Avoiding Curosr - Yet Another Situation

  • Friday afternoon challenge.

    Easy to do with cursors:

    - a certain number of subsets (number of subsets is not fixed nor determined in advance)

    - each subset comprises a number of items (number of items is not fixed nor determined in advance)

    YES I KNOW THE FOLLOWING HAS NOTHING TO DO WITH SETS.

    - each item of a subset must have a sequential rank, always starting with 1 in each set.

    How to start from this

    [font="Courier New"]

    Table Detail

    =========

    pkID MasterID Rank

    1 1

    2 1

    3 1

    4 1

    5 1

    6 1

    7 2

    8 2

    9 2

    10 3

    11 3

    12 3

    13 3

    [/font]

    to arrive at this:

    [font="Courier New"]

    pkID MasterID Rank

    1 1 1

    2 1 2

    3 1 3

    4 1 4

    5 1 5

    6 1 6

    7 2 1

    8 2 2

    9 2 3

    10 3 1

    11 3 2

    12 3 3

    13 3 4

    [/font]

    Any suggestions ?

    [font="Courier New"]

    CREATE Table Detail

    (

    pkID int NOT NULL PRIMARY KEY IDENTITY,

    Rank int,

    MasterID int

    )

    CREATE Table Master

    (

    pkID int NOT NULL PRIMARY KEY IDENTITY,

    NumberOfDetail int

    )

    INSERT INTO Detail (MasterID) VALUES (1)

    INSERT INTO Detail (MasterID) VALUES (1)

    INSERT INTO Detail (MasterID) VALUES (1)

    INSERT INTO Detail (MasterID) VALUES (1)

    INSERT INTO Detail (MasterID) VALUES (1)

    INSERT INTO Detail (MasterID) VALUES (1)

    INSERT INTO Detail (MasterID) VALUES (2)

    INSERT INTO Detail (MasterID) VALUES (2)

    INSERT INTO Detail (MasterID) VALUES (2)

    INSERT INTO Detail (MasterID) VALUES (3)

    INSERT INTO Detail (MasterID) VALUES (3)

    INSERT INTO Detail (MasterID) VALUES (3)

    INSERT INTO Detail (MasterID) VALUES (3)

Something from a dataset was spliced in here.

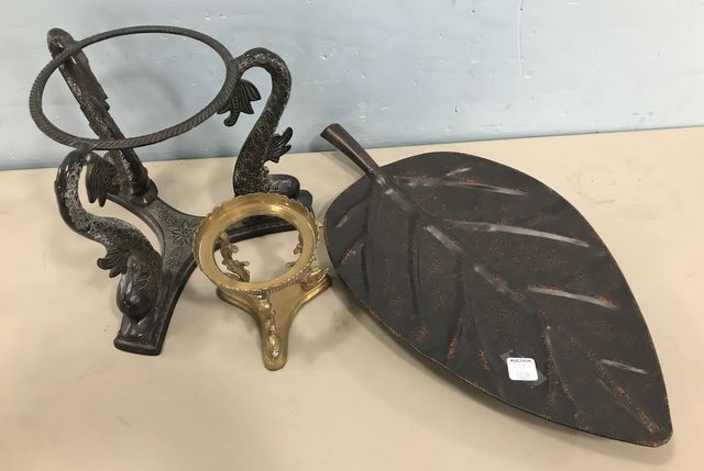 Metal fish design glass bowl stand 9"h., small brass one, and modern metal decor leaf tray 20"L. Metal fish design glass bowl stand 9"h., small brass one, and modern metal decor leaf tray 20"L.

    INSERT INTO Master (NumberOfDetail) VALUES (0)

    INSERT INTO Master (NumberOfDetail) VALUES (0)

    INSERT INTO Master (NumberOfDetail) VALUES (0)

    [/font]

  • This is a "running count". A high-speed version of what you'd need to do is described in Jeff's article below:

    http://www.sqlservercentral.com/articles/Advanced+Querying/61716/[/url]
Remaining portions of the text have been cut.